Researchers can tweak the initial interior temperature of the planet, geological energy sources, the composition of the atmosphere, the amount of surface water, the speed of its rotation, the tilt of its axis, and the distance and shape of its orbit, among sundry details. Even its star's location in the galaxy can be adjusted and simulated.

VPLanet essentially lets a scientist play deity. Want to rearrange our own solar system, just to see what happens? Sure! Pop Jupiter in Venus's orbit and watch the results. It is the ultimate galactic sandbox, and importantly, VPLanet is open source and available for anyone to use.

"I think that the discovery of alien life will be a transformational event in human history," Barnes says. "And I want it to be clear that when we go to the public, that we have come to this conclusion through open science, through a process that has been vetted by the community, and that there can be confidence that this is a true result."

To get that result, though, Gaudi's going to need his money.

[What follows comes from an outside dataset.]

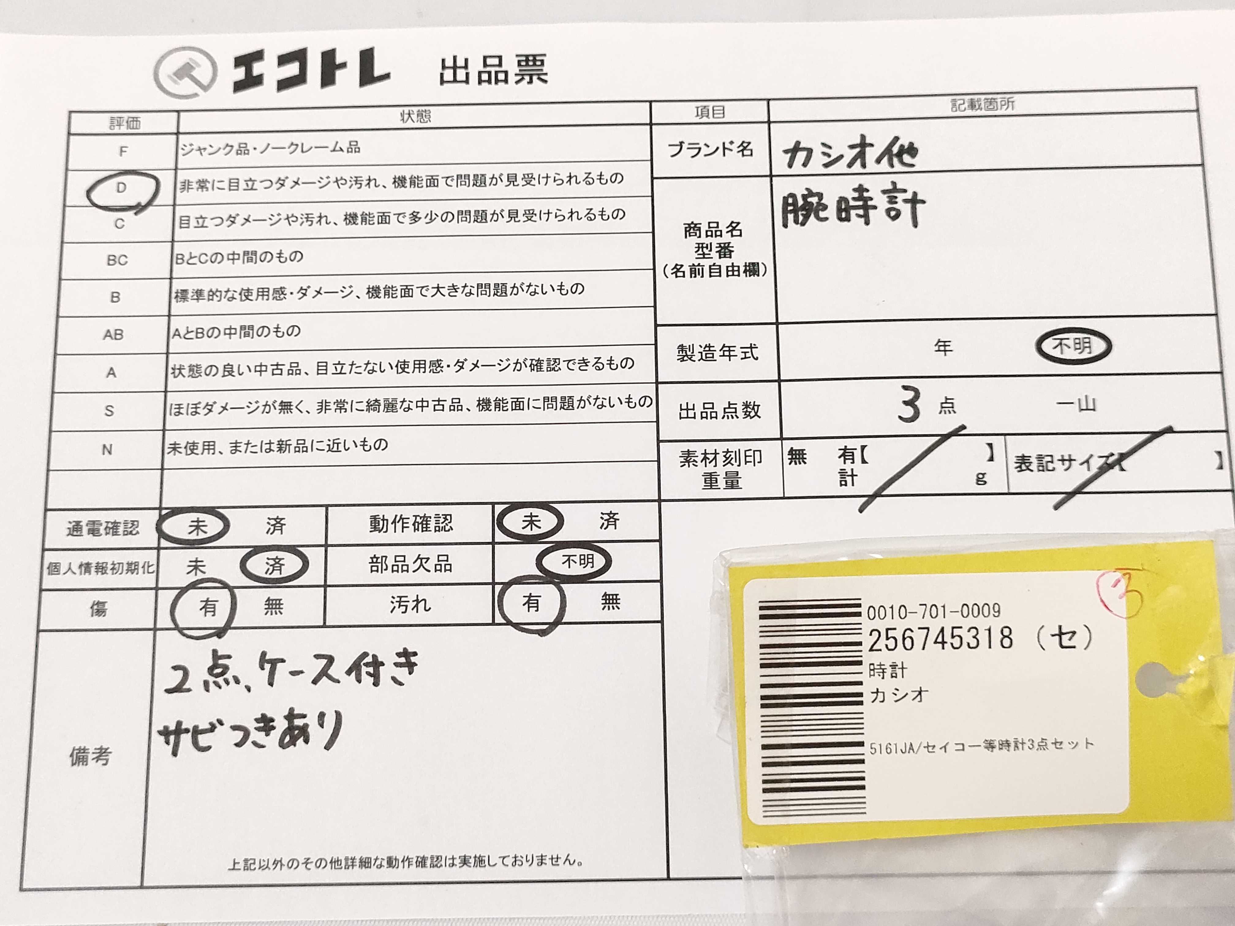 商品内容によって、JITBOXなどでの発送となる可能性がございます事ご理解下さい。年式などの商品情報詳細は写真にてご確認願います。※ご入札の際はご利用規約をよくお読みになってからのご参加お願いします。","タイプライン":"","カテゴリ":"時計","形状コード":"男女兼用","付属品コード":"","シリアル・シール・型番":""

A New Space Telescope Fine Tuned for Finding Extraterrestrial Life

Two potential NASA projects would put exoplanet discovery and research front and center. The space telescopes HabEx — which Gaudi and a team of around 180 people helped research and propose — and LUVOIR are our best bets for actually seeing potentially habitable exoplanets.

The telescopes would use two different devices, the coronograph and the starshade, to block out the starlight that usually overwhelms images of very dim and distant planets. The LUVOIR design relies on a coronograph to block out the light (kind of like how the moon allows us to see the sun's corona during an eclipse).

Far more dramatic, the awesomely named "starshade" is a foldable shield, 50 meters across, which unfolds like a flower and flies to a precise spot 100,000 km away from the space telescope, blotting out all other light sources near the telescope's target. Starshades are a little sensitive: they can only be one millimeter off from perfectly flat, the edge must be honed down to one micron, and they have to be maneuvered within one meter of their target position. (Suffice to say, they currently exist only as small-scale models.)

But both HabEx and LUVOIR are specifically designed to find signs of life.

In this artist’s rendering, the HabEx telescope deploys its starshade, a 50m wide shield which will block the flooding light from stars. Illustration by Joby Harris, NASA/JPL-Caltech.

In this artist’s rendering, the HabEx telescope deploys its starshade, a 50m wide shield which will block the flooding light from stars. Illustration by Joby Harris, NASA/JPL-Caltech.

The Dream: Extraterrestrial Life in Our Lifetime

The field has changed in the past decade, Gaudi says. We now know there are more of these potentially habitable exoplanets out there than expected; we now know more about how the stars they orbit impact our ability to study them; and we have recently developed the technology to tackle those challenges.

Stepping into this new period of discovery are budding scientists who have grown up in the exoplanet era. For them, the potential of extraterrestrial life on planets like Earth is not a fever dream.

Two potential NASA projects would put exoplanet discovery and research front and center.

The earth-like planets are out there. The technology is here or extremely close. The scientists with the knowledge, desire, drive, and passion — the passion of a small kid in coal country, who found his calling in fantastical creatures on distant worlds — are ready. 

"This might sound a bit corny," Gaudi says, self-consciously, "but primarily I feel privileged and honored to be able to participate in the scientific endeavor to answer one of humanity's most profound questions: are we alone?"

What is needed to answer that question is capital and political will.

Selecting a habitable exoplanet mission could very soon yield one of the most monumental discoveries in human history, a realization which would have impossible to predict implications.

"I think the time is now to do this," Gaudi says.

"If we can do it now, we should do it. We should take that first step."